Pertanyaannya, benarkah dengan berinvestasi pada perempuan-sesuai anggapan UN Women-akan mampu meningkatkan kesejahteraan, khususnya perempuan?


Salah Kaprah Melihat Akar Masalah

Terdapat kesalahan paradigma yang digunakan PBB dalam memandang akar masalah krisis di dunia. PBB ”menyandingkan” kata krisis dengan kata perempuan. PBB beranggapan bahwa perempuan sebagai kunci dari aneka krisis yang terjadi.
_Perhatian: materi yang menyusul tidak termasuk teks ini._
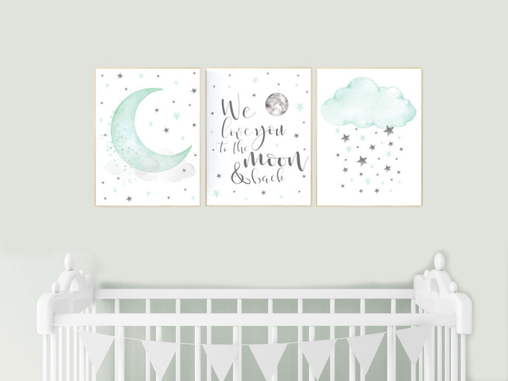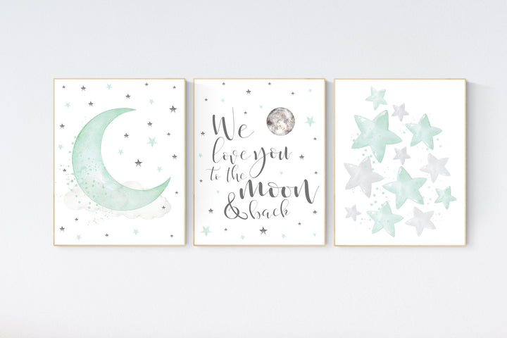 Mint nursery decor, gender neutral nursery, we love you to the moon and back, mint green, moon stars

Mulai dari kemiskinan, kelaparan, pendidikan dan kesehatan. Jumlah perempuan lebih banyak dari pada laki-laki, namun jumlah perempuan yang berdaya jauh lebih sedikit jika dibanding laki-laki. 

PBB melalui UN Women menjelaskan bahwa secara global, kesetaraan gender masih menjadi permasalahan utama yang terjadi antara laki-laki dan perempuan, terutama di bidang ekonomi. Bukti diantaranya, perempuan dibayar lebih rendah dibandingkan laki-laki. Ketika mereka bekerja, mereka cenderung bekerja di sektor informal. Hampir 60 persen pekerjaan perempuan secara global berada di sektor informal. Perempuan juga melakukan sebagian besar pekerjaan perawatan tidak berbayar dan pekerjaan rumah tangga dengan waktu tiga kali lebih banyak dibandingkan laki-laki. Ini membuat perempuan dan anak perempuan tidak punya waktu dan kesempatan untuk mendapatkan pendidikan, pekerjaan berbayar yang layak, kehidupan publik, istirahat, dan rekreasi. 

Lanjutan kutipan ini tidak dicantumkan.